Google is closing a loophole that allowed thousands of companies to monitor and sell sensitive personal data from Android smartphones, hailed by privacy campaigners in the wake of the US Supreme Court’s decision to end the constitutional right to abortion An effort.
The Silicon Valley company’s move comes amid growing fears that new abortion restrictions in the country will be weaponized by US states to police mobile apps.
Companies have previously harvested and sold information on the open market, including lists of Android users using apps related to period tracking, pregnancy and family planning, such as Planned Parenthood Direct.
Over the past week, privacy researchers and advocates have called on women to remove period-tracking apps from their phones to avoid being tracked or penalized for considering abortions.
The US tech giant announced last March that it would be restricting the feature, allowing developers to see what other apps have been installed and removed on individuals’ phones. That change was supposed to be implemented last summer, but the company failed to meet that deadline, citing the pandemic among other reasons.
The new July 12 deadline will come just weeks after the overturning of Roe v. Wade, a decision that has shed light on how smartphone apps can be used for surveillance by US states with new anti-abortion laws. .
“It’s long overdue.
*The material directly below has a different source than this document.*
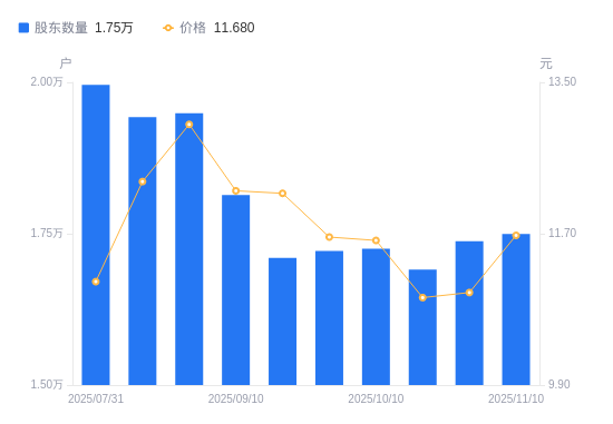 近一年(2024年11月20日至2025年11月10日),聚合顺A股股东户数从1.39万户,增加至1.75万户,增幅25.45%,区间股价上涨7.88%。

Data brokers have long been banned from using data under Google’s terms, but Google hasn’t built safeguards into the app approval process to catch this behavior.” . They ignored it,” said Zach Edwards, an independent cybersecurity researcher who has been investigating the flaws since 2020.
“So now anyone with a credit card can buy this data online,” he said.
Google said: “In March 2021, we announced that we plan to restrict access to this permission, so that only utility apps, such as device search, antivirus and file manager apps, can see that other apps are installed on the phone.” have been done.”
It added: “Never permitted on Google Play to sell App Inventory data or share it for analytics or ad monetization purposes.”
Despite widespread use by app developers, users remain unaware of this feature in Android software – a Google-designed programming interface, or API, known as a “query all package”. This allows apps, or snippets of third-party code inside them, to query the inventory of all other apps on a person’s phone. Google itself has referred to this type of data as high-risk and “sensitive”, and has found that it is being sold to third parties.
Researchers have found that App Inventory can be used to “accurately extract end users’ interests and personal traits”, including gender, race and marital status, among other things.
AdWords has found that a data marketplace, Narrative.io, was openly selling data obtained in this manner by intermediaries, including smartphones using Planned Parenthood and various period tracking apps.
Narrative said it removed pregnancy tracking and menstruation app data from its platform in May in response to a leaked draft outlining the upcoming Supreme Court ruling.
Another research company, Pixalet, found that consumer apps, like a simple weather app, were running bits of code that exploited similar Android features and were collecting data for a Panamanian company with US defense contractors.
Google said it “never sells user data, and strictly prohibits the sale of user data by Google Play developers. We take action when we discover breaches,” adding that it has provided user data to several companies. was allowed to sell.
Google said that it will restrict the Query All Packages feature from July 12 to only those who need it. App developers must fill out a declaration explaining why they need access, and notify Google before the deadline so it can be investigated.
“Deceptive and undeclared use of these permissions may result in the suspension of your app and/or termination of your developer account,” the company warned.